First-Party vs. Third-Party Intent Data: The Enterprise Comparison
Enterprise teams typically have access to both first-party intent signals (website behavior from identified visitors) and third-party intent data (behavioral signals aggregated from across the web). The relative value of these signal types differs for enterprise programs compared to SMB programs.
At enterprise accounts, first-party signals carry higher confidence because you have identified the account. An enterprise account that visits your pricing page three times in two weeks is a reliable signal. Third-party intent supplements first-party by providing coverage of research behavior happening off your website, which for large accounts with long evaluation cycles is often the majority of research activity.
The strongest enterprise intent scoring programs combine first-party and third-party data at the account level, weight first-party signals more heavily (they are more specific), and use third-party signals primarily to identify accounts in early research phases before they appear on your first-party radar.
Integration Requirements for Enterprise Intent Scoring
Enterprise ABM programs typically have more complex integration requirements than mid-market programs. Intent scoring tools that deliver scores into a single CRM instance work well for centralized programs. Enterprise organizations with multiple CRM instances (common in companies that have grown through acquisition), regional CRM segregation, or hybrid Salesforce/SAP environments need intent scoring platforms with multi-instance sync capabilities.
Territory management is also a critical enterprise requirement. Intent signals for accounts in a global enterprise program need to route to the correct regional owner, which requires intent scoring tools that are aware of territory definitions and can direct alerts accordingly. Evaluate whether the intent scoring platform can consume your CRM territory data and route signals based on that logic, or whether territory-based routing requires manual configuration maintenance.
Ready to see intent scoring built for enterprise account complexity?
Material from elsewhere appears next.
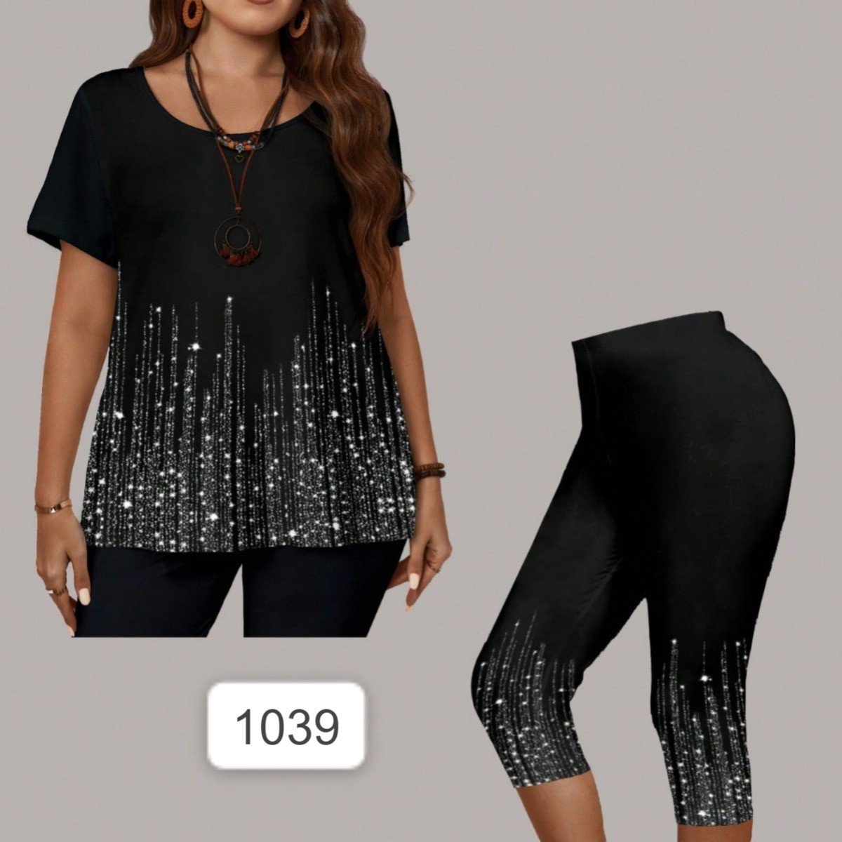 مجموعة تي شيرت ذو اكمام قصيرة مطبوع عليها الراينستون بالأضافة لليقنز لون اسود مناسبة للنساء اللواتي يرتدين مقاسات كبيرة في العطلات و للأوقات الفراغية

Book a demo.
Frequently Asked Questions
What is a good intent score threshold for triggering enterprise outreach?
Thresholds vary by tool and program, but the principle is consistent: the threshold should be calibrated to your response capacity. If your enterprise team can respond to twenty accounts per week, set the threshold high enough to surface approximately twenty accounts in an average week. Too low a threshold generates more signals than reps can act on, which causes signal fatigue and lower response rates to the most important triggers.
How do enterprise ABM programs measure the ROI of intent scoring tools?
The most defensible ROI measurement compares meeting booking rates and pipeline conversion rates for intent-triggered outreach versus cold outreach to the same account list. If intent-triggered outreach books meetings at a meaningfully higher rate than cold outreach, the intent scoring tool is generating value proportional to that improvement. Measure this comparison over a ninety-day period with enough volume to draw statistically meaningful conclusions.
For enterprise programs at the evaluation stage, the single most important question to resolve is whether your current intent data provider's coverage actually matches your target account list. Pull a representative sample of your Tier 1 accounts and test coverage directly. The intent scoring tool that scores the accounts that matter to your program is worth more than the tool with the highest claimed coverage numbers against a market you do not actually sell to.